Sandeep Kumar Vishwakarma,1 Avinash Bardia 1, Pratibha Nallari1, Md. Aejaz Habeeb 1 Aleem A Khan 1.3*

1Central Laboratory for Stem Cell Research & Translational Medicine, CLRD, Deccan College of Medical Sciences, Kanchanbagh, Hyderabad-500 058, Telangana, India
2 Department of Genetics, Osmania University, Hyderabad, Telangana, India
3 Salar-E-Millat Research Centre for Cellular and Molecular Medicine, PEH, Telangana, India

*Corresponding author:Aleem A Khan, Central Laboratory for Stem Cell Research & Translational Medicine, CLRD, Deccan College of Medical Sciences, Kanchanbagh, Hyderabad-500 058, Telangana, India, E-mail: aleem_a_khan@rediffmail.com


Article Information

Article Type: Short Communication

Citation: Vishwakarma KS, Bardia A, Nallari P, Habeeb A, Khan AA (2015) Trans-differentiated Human Hepatic Progenitors into Insulin Producing Β-Cells: a Step Closer Towards the Diabetes Cell Therapy. J Dia Res Ther, Volume 1.1: http://dx.doi. org/10.16966/2380-5544.101

Copyright: © 2015 Vishwakarma KS, et al. This is an open-access article distributed under the terms of the Creative Commons Attribution License, which permits unrestricted use, distribution, and reproduction in any medium, provided the original author and source are credited.

Publication history: 

  • Received date: 25 February, 2015

  • Accepted date: 05 March, 2015

  • Published date: 10 March, 2015


    Over the past few years, islet transplantation has emerged as one of innovative strategy for the treatment of diabetes mellitus, but the limited yield of quality donor pancreata makes this strategy inadequate. Therefore, patients affected with diabetes mellitus are in great need for the alternative source of β-cells. Liver is the most promising source of cells, as it has the same embryonic origin as the pancreas. Liver and pancreas develops from the same endoderm and share the similarity in most of their developmental regulatory pathways. Various studies from past have differentiated liver cells into pancreatic β-cells by transfecting with specific transcription factors like Pdx-1, Ngn-3, Isl-1, Pax-4, and Pax-6 [1-5].
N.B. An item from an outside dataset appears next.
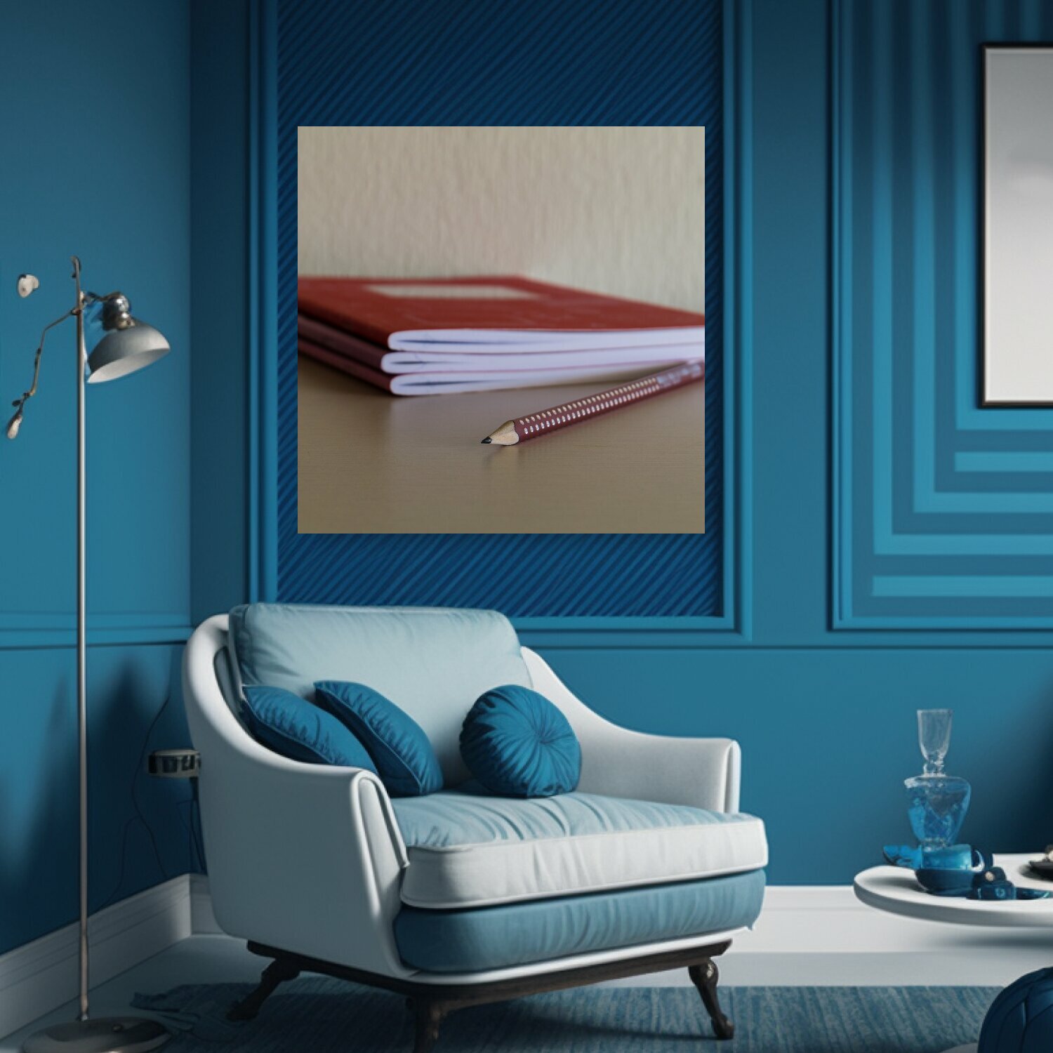 Купить Картина на холсте "Карандаш, ноутбук, стол письменный" на подрамнике 75х75 см. для интерьера

    But, such genetically modified cells have limitation of using in therapeutic purposes. In our earlier study we have demonstrated the presence of pancreatic transcription factors involved in the development of pancreas in induced hepatic progenitors [6]. Later we studied the responses of pancreatic transcription factors in hepatic progenitors following induction with various glucose concentrations (5–30 mmol/L) in vitro for 0–32 h [7]. Relative gene expression was quantified and compared with un-induced and pancreatic cells to identify the activated transcription factors (Pdx-1, Ngn-3, Isl-1, Pax-4, Pax-6 and Nkx-6.1) involved in β-cell production. The study showed high in vitro trans-differentiation potential of human hepatic progenitors towards the β-cell phenotype with 23 mmol/L glucose induction after 24 h. The transcription factors showed eminent expression in induced cells and was found significantly high in 23 mmol/L than un-induced cells. Interestingly, a significant increase in expression level of Nkx-6.1 almost similar to Pdx-1 showed a more committed β-cells phenotype for insulin production.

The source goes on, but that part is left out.